** Opening Dataset entries block **

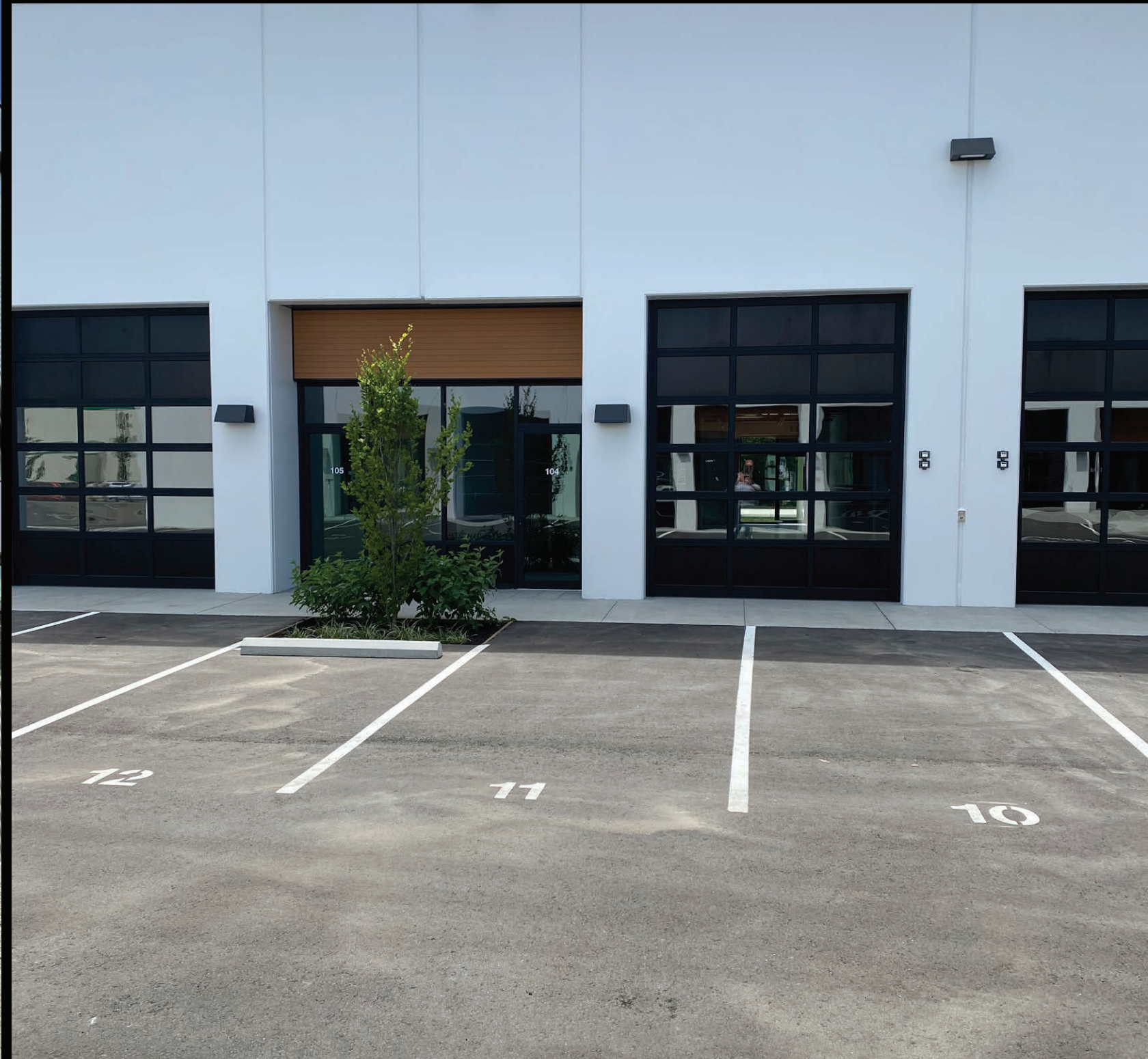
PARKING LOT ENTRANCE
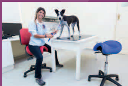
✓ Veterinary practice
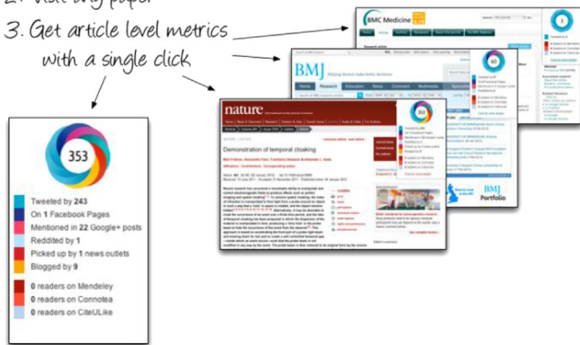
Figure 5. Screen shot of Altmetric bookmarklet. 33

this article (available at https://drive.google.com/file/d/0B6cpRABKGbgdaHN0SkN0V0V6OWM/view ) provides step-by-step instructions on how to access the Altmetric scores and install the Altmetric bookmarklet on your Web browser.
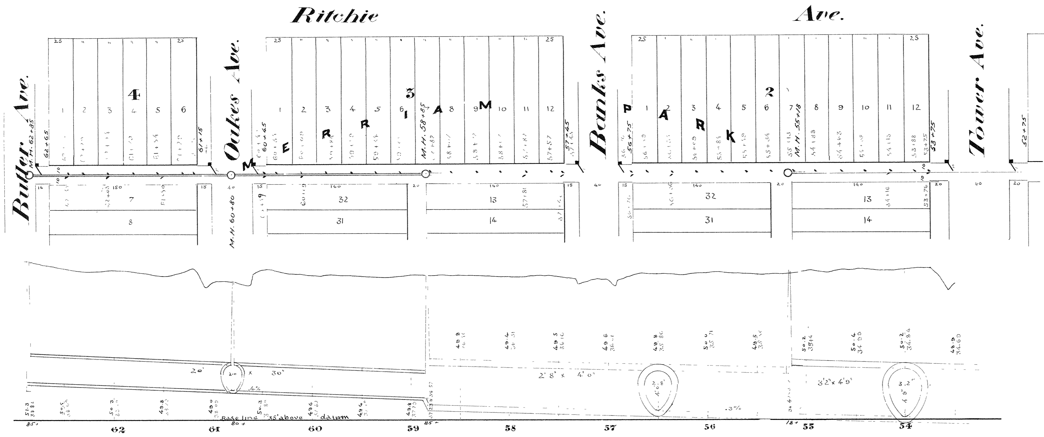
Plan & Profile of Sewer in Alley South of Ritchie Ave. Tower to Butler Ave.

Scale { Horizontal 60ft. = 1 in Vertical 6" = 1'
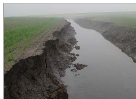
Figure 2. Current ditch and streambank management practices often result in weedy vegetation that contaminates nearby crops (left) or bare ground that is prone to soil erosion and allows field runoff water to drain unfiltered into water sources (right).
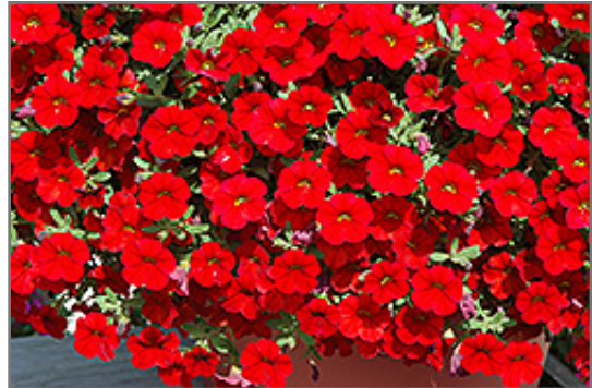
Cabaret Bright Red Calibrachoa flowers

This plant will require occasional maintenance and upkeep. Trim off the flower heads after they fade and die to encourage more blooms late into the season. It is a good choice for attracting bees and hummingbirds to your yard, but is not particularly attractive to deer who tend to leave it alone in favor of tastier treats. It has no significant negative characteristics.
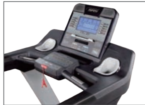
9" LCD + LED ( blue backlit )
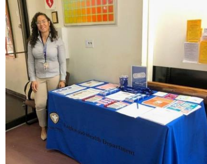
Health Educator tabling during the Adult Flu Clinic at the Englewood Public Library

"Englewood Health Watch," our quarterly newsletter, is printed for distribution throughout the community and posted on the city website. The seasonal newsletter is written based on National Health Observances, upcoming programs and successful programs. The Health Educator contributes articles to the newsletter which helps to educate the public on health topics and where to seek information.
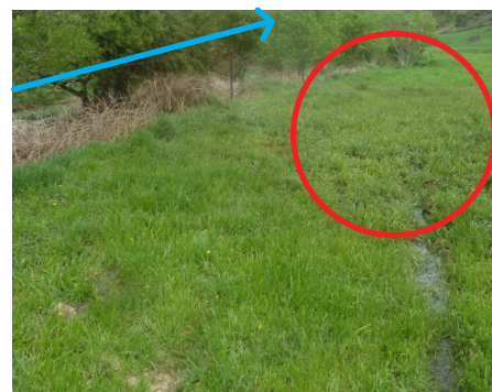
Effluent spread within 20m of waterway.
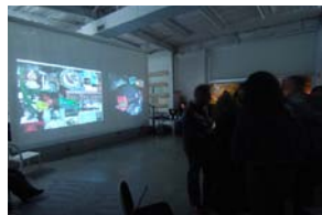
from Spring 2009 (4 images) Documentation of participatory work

** Closing Dataset entries block **

_What you are asked to do_
Your answer must be a single number: the count of lines in these records that contain "Altmetric".

_Result of the task_
2